We drove west through the state and passed a man selling handmade wooden stools at the side of the road. We stopped to check out his crafts and inquire prices and such. He also had antlers and various wilderness related art pieces. The actual animal antlers prompted my companion to ask the gentleman whether he hunts the animals himself. His answer was another Montana surprise: "I don't hunt 'cause I've been in trouble with the law and I can't have a gun. But my mamma has a gun." Hmm. Parked at the side of the road between two desolate highways, chatting with a man in trouble with the law and no other people around for miles? Time to go.

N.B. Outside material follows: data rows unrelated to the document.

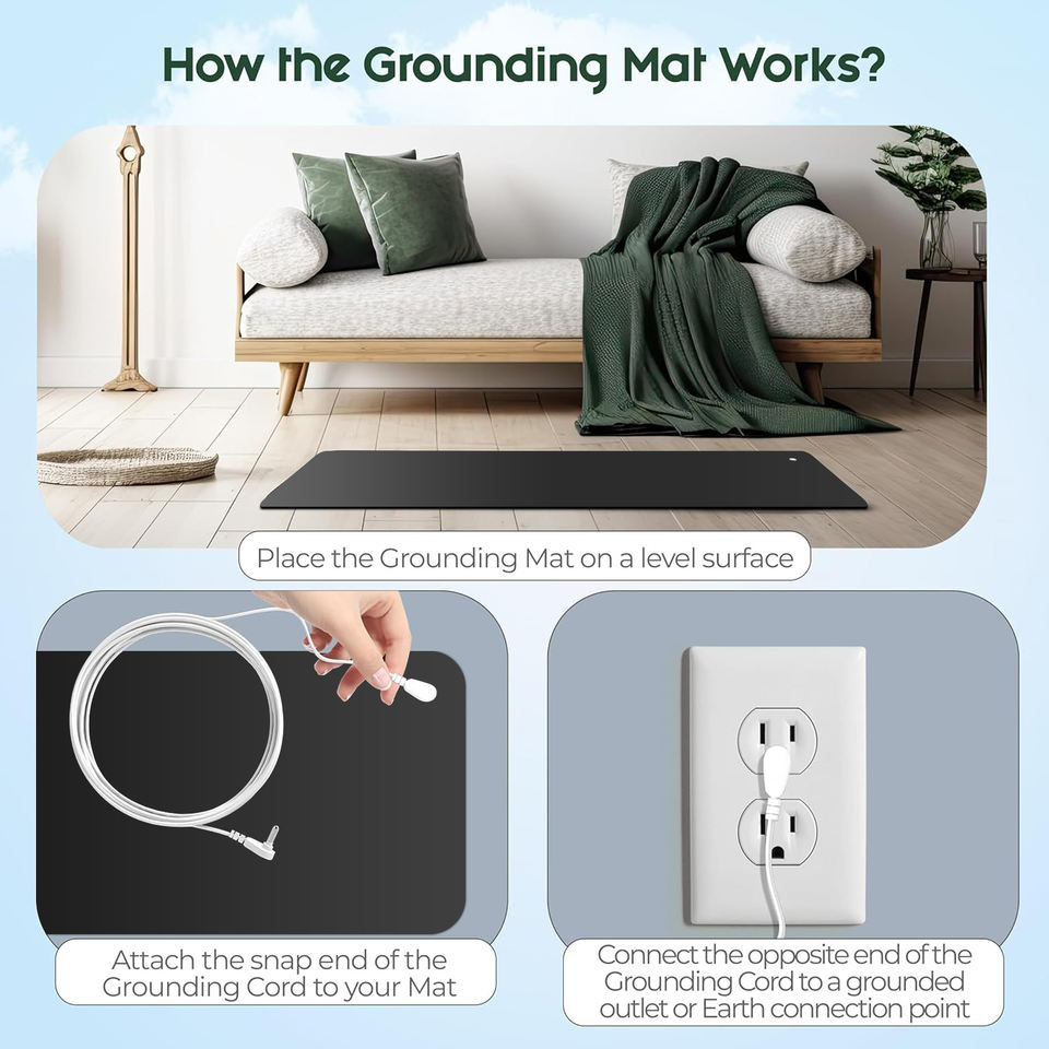 Tapis de mise à la terre universel avec 1 cordon droit, tapis de protection pour une meilleure pratique du yoga, du travail et du sommeil
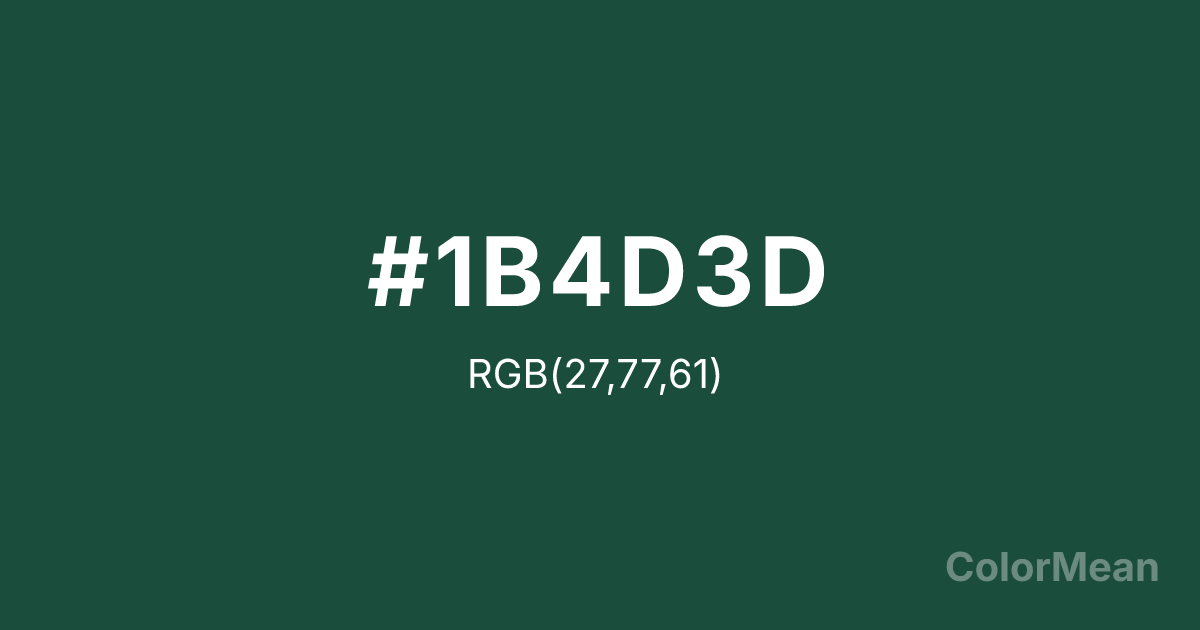 #1B4D3D RGB value is (27, 77, 61). The hex color red value is 27, green is 77, and blue is 61. Its HSL format shows a hue of 161°, saturation of 48 percent, and lightness of 20 percent. The CMYK process values are 65 percent, 0 percent, 21 percent, 70 percent.
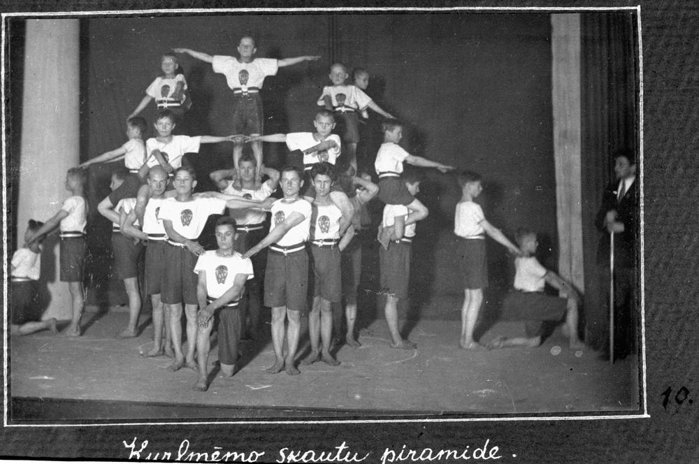 Latvijas Skautu centrālās organizācijas (LSCO) 69. Valmieras kurlmēmo skautu pulciņa dalībnieku izveidotā cilvēku piramīda.
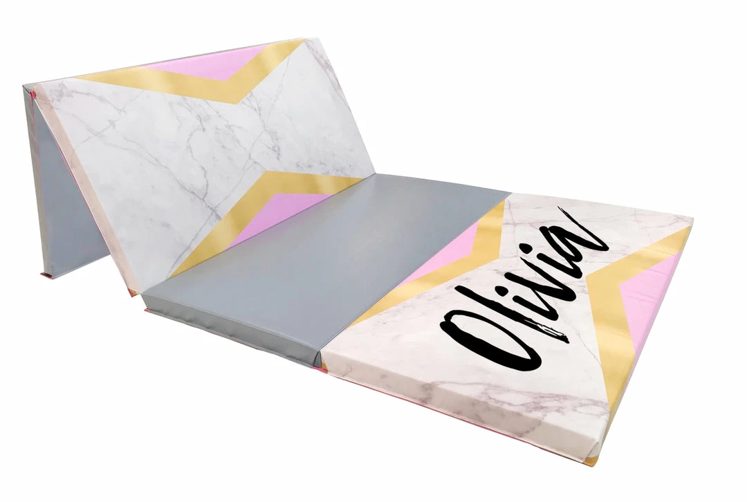 This high quality folding gym mat is 4′ wide and 8′ long with four panels that folds accordion style for easy storage and transportation. Pink and gold folding mat includes fastening strips on two 4′ sides to allow for attachment to other mats. These mats are made from heavy duty 14 oz vinyl that is, lead-free,
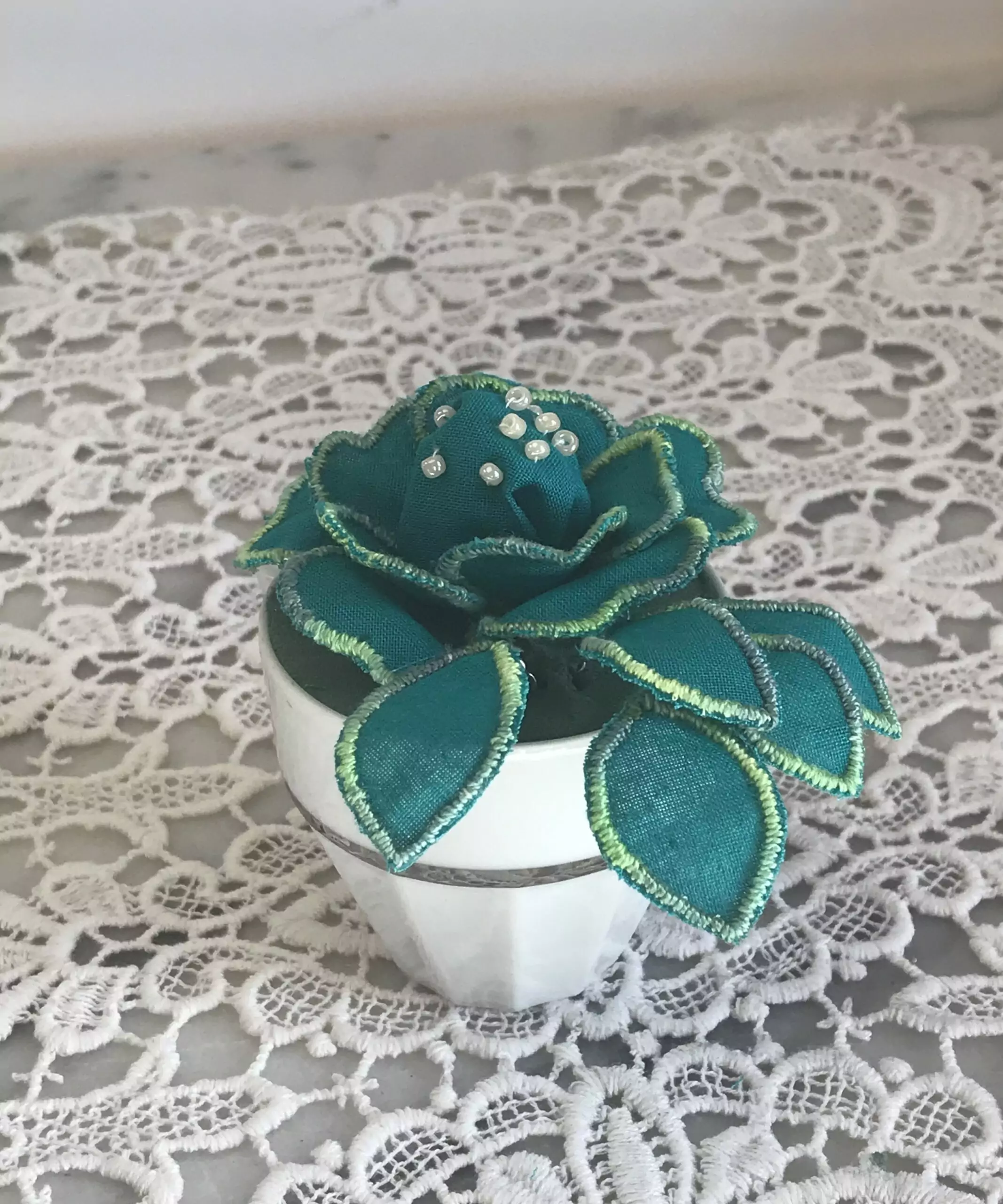- un bout de coton bleu canard pour les éléments en stumpwork
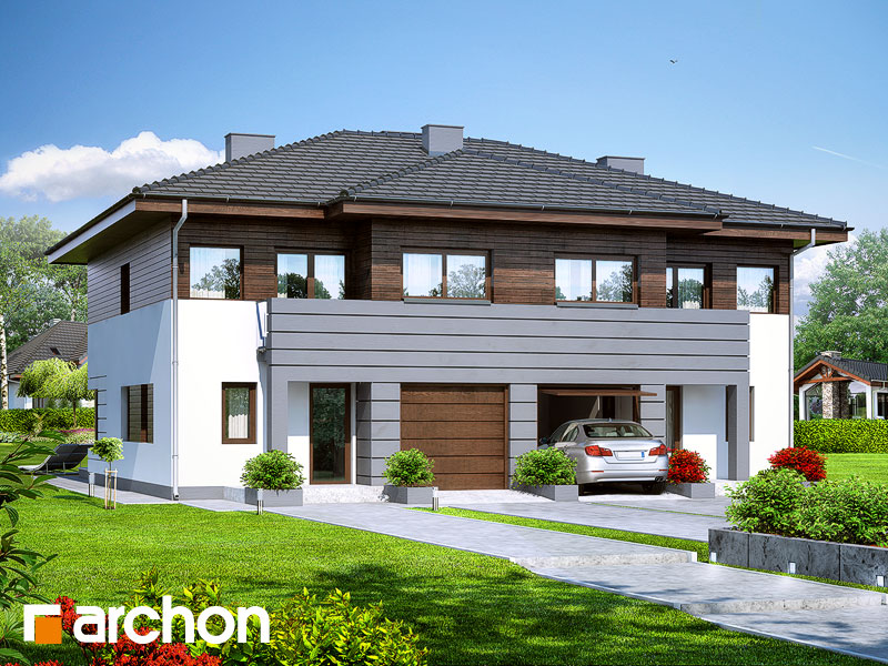 Typ domu:Dom dwurodzinny (jednorodzinny dwulokalowy) Dach:czterospadowy, nachylenie 22 st (49%), więźba drewniana, dachówka ceramiczna Powierzchnia zabudowy / netto:185 / 250.14 m 2 Powierzchnia garażu:33.16 m 2 Kubatura:1418.84 m 2

The landscape dazzled us as we continued on to Bozeman. There were mountains in the distance, huge expanses of land, and trees in every color that trees can come in. Frolicking in the creek beside the highway was an absolute must. The water was freezing, but we sat on the river rocks as the water trickled toward us, and enjoyed a few minutes of complete serenity. It was another one of those moments when I realized just how much beauty exits in my home country. The feelings of peace ended abruptly when we were forced to use a highly questionable restroom facility next to the creek, a surprise I could have done without.

Lunch at the Kountry Korner Café was definitely a hometown affair. I ordered chili and cornbread from a lady in an apron that could have been Betty Crocker herself, she was so cute. When she returned with our food, she was sure to mention that the honey was all locally made, in fact it was made by the people sitting at that table over there. Well, it doesn't get more local than that! I guess this would be kind of like running into the girl that does your coffee in L.A., but somehow not really the same thing.

As we headed out of Bozeman, there was a sign for a town named Manhattan. I had to giggle at the stark contrast between the sparse farmland before me, and the busy, bustling Manhattan in my mind. Bringing New York Manhattanites to this namesake town so unlike their own would make for hilarious reality television.

The more I travel, the more I realize how different things are outside of my backyard. Travel is an endless testament that we can never underestimate what another place has to offer. The more we see, the more we learn, and the more we can understand. I am sure there are lots of people that have always known Montana was lovely, and although I may be late in the game, I am glad to know it now. And come to think of it...the sky might have looked just a bit bigger.